Exercise goal :: Starting at the line below that contains "Таблетка инспектор квадро табс для кошек" and ending at the line that contains "游玩结束后前往夏河酒店办理入", retype each line exactly as it stands, but omit the pictures.

Data supplied ::
::::::::::

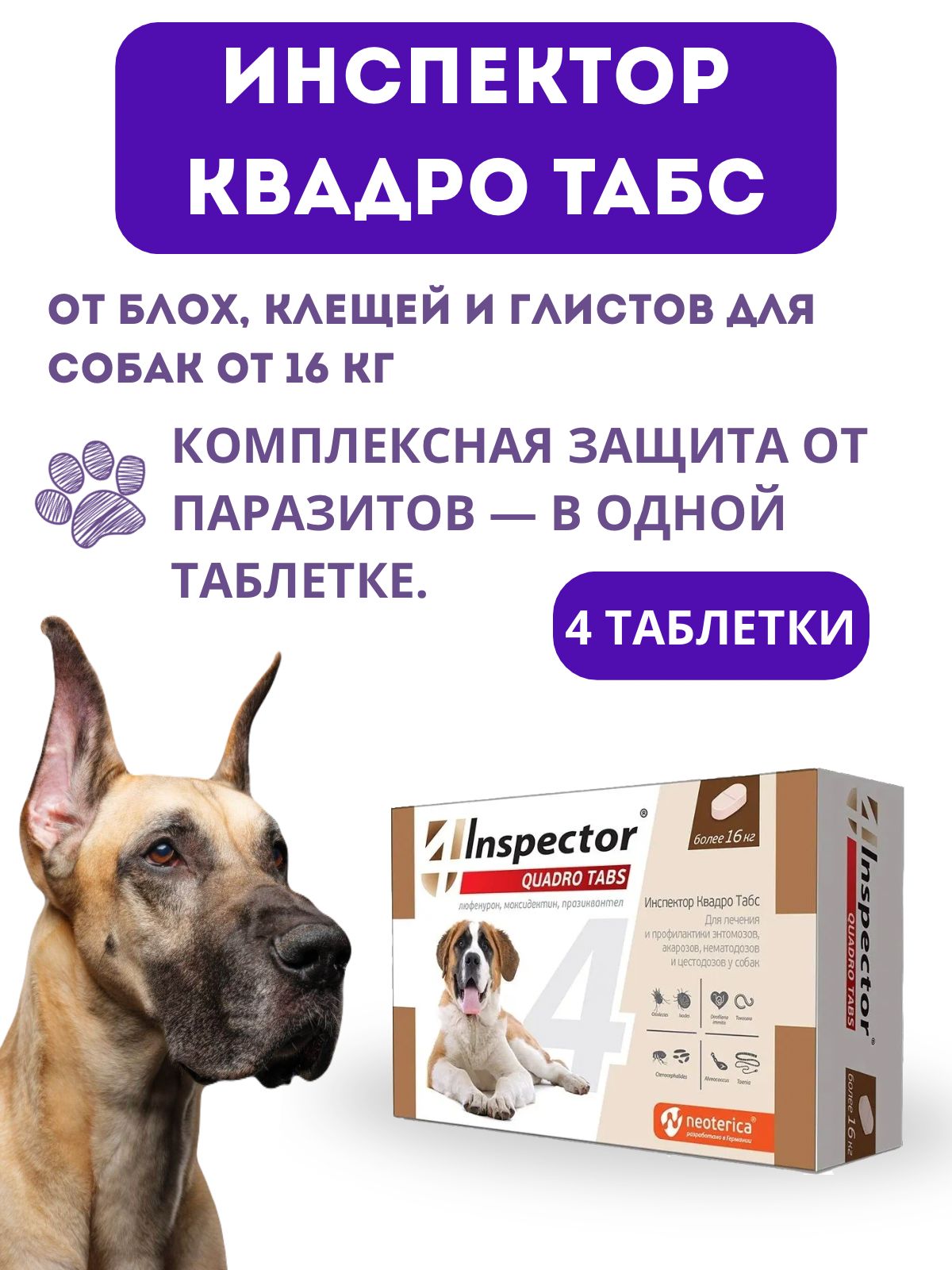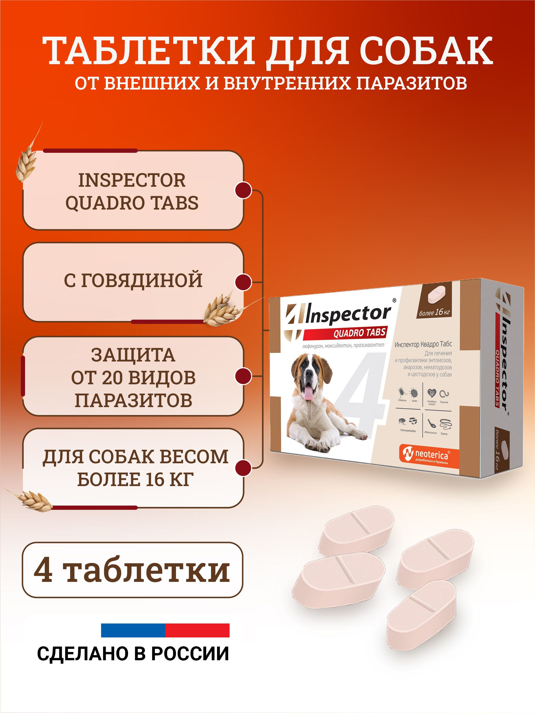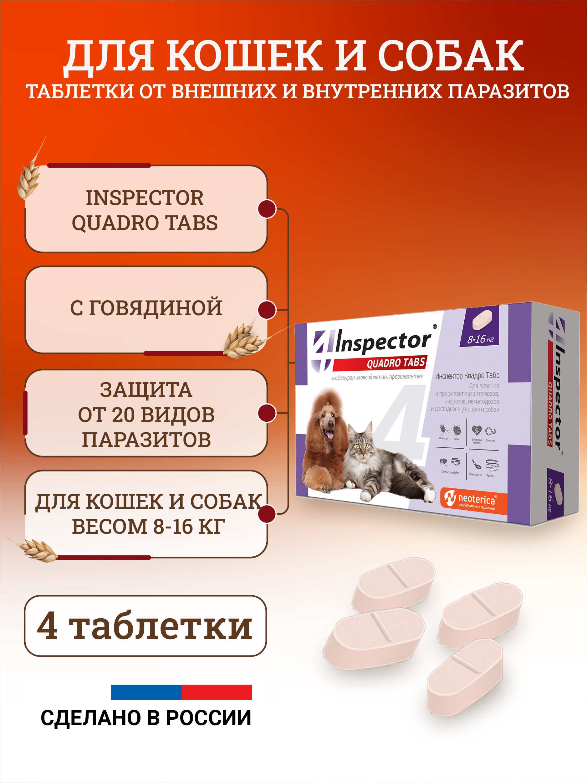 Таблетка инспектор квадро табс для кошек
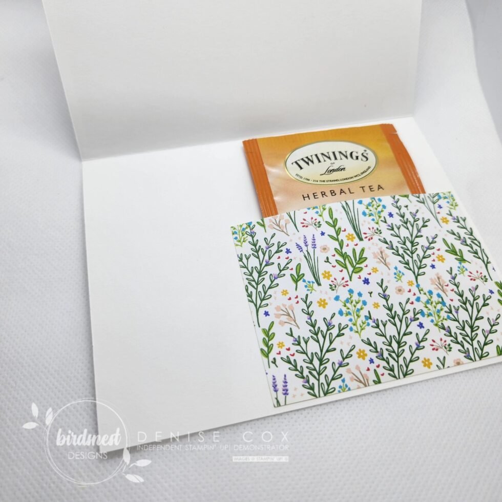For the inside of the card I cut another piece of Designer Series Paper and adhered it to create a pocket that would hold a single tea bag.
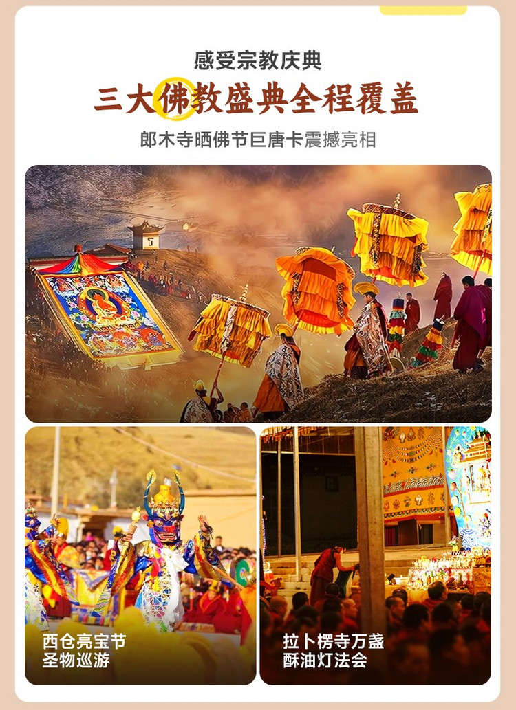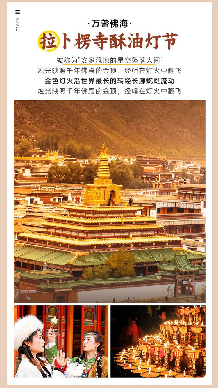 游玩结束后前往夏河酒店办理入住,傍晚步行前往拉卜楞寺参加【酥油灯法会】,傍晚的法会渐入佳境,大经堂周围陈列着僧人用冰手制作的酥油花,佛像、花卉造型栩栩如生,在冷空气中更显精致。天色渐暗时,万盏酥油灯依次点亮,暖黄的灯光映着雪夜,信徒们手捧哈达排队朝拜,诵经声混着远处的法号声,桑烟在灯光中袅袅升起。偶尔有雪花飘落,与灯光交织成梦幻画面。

::::::::::

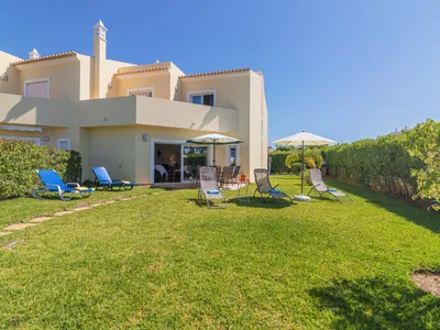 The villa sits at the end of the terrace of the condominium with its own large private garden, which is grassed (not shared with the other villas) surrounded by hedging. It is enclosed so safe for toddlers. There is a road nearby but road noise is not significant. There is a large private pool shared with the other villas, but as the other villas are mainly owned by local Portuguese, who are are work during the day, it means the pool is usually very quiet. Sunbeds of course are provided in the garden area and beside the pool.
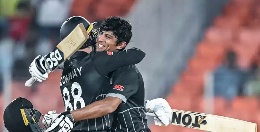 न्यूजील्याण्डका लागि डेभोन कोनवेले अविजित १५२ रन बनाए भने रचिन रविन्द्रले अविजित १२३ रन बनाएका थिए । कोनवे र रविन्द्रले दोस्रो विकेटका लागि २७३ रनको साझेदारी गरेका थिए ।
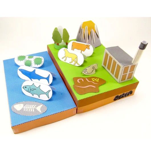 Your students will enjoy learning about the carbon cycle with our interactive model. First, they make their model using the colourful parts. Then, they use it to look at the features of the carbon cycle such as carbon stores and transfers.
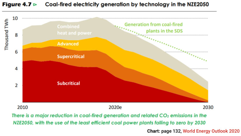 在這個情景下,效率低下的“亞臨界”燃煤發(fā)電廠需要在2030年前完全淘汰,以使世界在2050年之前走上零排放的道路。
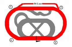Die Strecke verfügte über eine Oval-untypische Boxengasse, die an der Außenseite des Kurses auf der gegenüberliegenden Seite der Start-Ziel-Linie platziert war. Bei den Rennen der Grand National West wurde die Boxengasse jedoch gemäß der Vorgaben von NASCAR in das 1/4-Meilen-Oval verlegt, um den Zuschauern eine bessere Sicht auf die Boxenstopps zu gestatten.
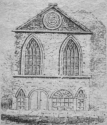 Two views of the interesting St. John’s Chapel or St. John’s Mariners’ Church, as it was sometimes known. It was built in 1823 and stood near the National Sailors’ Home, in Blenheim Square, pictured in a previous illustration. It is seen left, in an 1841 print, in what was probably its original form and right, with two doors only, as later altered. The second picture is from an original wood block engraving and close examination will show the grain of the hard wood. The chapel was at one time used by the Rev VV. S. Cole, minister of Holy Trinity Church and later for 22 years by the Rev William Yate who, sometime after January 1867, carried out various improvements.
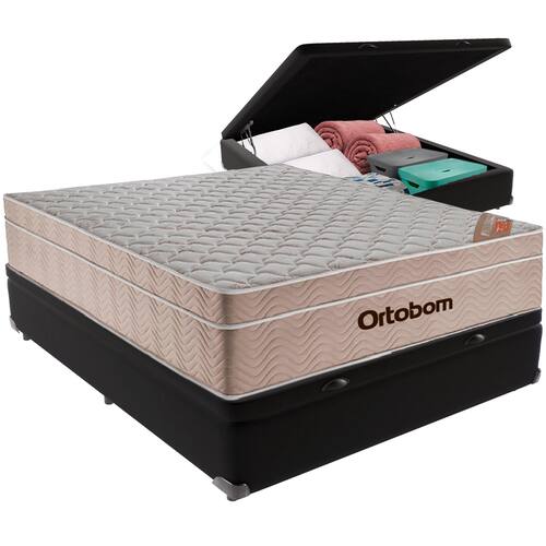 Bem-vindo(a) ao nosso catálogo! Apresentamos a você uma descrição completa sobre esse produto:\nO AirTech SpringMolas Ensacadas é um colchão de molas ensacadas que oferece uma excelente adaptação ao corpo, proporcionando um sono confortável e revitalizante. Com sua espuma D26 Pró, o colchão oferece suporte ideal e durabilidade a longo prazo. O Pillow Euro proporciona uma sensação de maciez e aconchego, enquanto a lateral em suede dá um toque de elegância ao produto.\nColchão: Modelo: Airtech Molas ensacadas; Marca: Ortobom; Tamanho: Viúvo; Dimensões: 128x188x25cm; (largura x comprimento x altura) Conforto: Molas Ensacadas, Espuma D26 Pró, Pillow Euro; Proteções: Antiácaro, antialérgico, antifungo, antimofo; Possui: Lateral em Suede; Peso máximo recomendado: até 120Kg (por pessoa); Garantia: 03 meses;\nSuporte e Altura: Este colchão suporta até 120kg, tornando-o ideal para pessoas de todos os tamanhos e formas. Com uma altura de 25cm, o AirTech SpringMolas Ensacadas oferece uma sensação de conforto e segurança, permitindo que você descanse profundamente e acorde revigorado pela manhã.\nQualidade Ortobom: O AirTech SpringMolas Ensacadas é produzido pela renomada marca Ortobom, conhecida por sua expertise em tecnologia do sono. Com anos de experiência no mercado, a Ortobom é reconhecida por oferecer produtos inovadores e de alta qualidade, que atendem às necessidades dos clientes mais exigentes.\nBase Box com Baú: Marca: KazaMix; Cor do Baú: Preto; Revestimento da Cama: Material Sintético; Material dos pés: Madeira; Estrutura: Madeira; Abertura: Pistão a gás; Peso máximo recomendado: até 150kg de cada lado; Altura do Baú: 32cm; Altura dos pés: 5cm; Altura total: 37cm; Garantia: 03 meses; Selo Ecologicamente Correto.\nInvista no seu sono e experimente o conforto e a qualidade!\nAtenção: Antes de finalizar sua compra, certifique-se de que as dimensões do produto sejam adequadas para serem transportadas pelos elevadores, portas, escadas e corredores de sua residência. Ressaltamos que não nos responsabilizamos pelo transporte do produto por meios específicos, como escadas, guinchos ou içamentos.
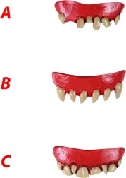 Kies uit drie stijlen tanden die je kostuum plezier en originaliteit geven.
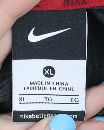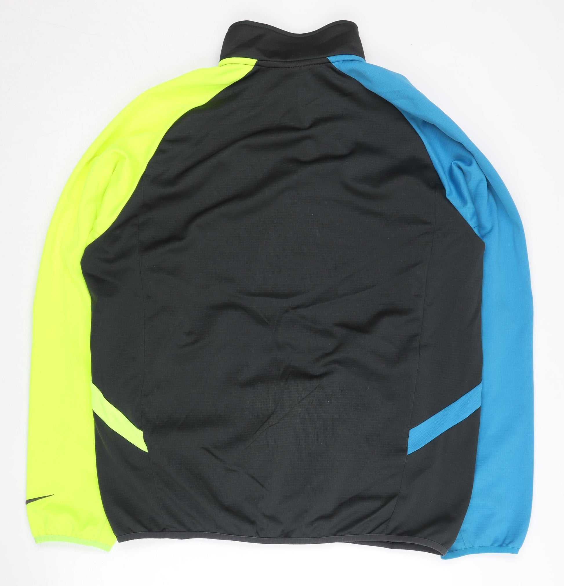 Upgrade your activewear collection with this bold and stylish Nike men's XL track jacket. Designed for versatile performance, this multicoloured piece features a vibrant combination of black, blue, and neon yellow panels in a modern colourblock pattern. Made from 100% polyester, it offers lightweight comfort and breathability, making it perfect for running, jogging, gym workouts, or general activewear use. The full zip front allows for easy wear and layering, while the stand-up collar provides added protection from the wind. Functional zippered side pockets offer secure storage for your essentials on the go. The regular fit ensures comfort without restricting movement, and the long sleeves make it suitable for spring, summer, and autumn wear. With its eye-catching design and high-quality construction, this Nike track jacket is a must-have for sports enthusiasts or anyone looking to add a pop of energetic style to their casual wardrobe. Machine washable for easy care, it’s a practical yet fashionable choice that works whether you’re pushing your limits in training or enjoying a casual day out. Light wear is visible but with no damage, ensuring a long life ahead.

::::::::::

Response area ::
 Таблетка инспектор квадро табс для кошек
For the inside of the card I cut another piece of Designer Series Paper and adhered it to create a pocket that would hold a single tea bag.
 游玩结束后前往夏河酒店办理入住,傍晚步行前往拉卜楞寺参加【酥油灯法会】,傍晚的法会渐入佳境,大经堂周围陈列着僧人用冰手制作的酥油花,佛像、花卉造型栩栩如生,在冷空气中更显精致。天色渐暗时,万盏酥油灯依次点亮,暖黄的灯光映着雪夜,信徒们手捧哈达排队朝拜,诵经声混着远处的法号声,桑烟在灯光中袅袅升起。偶尔有雪花飘落,与灯光交织成梦幻画面。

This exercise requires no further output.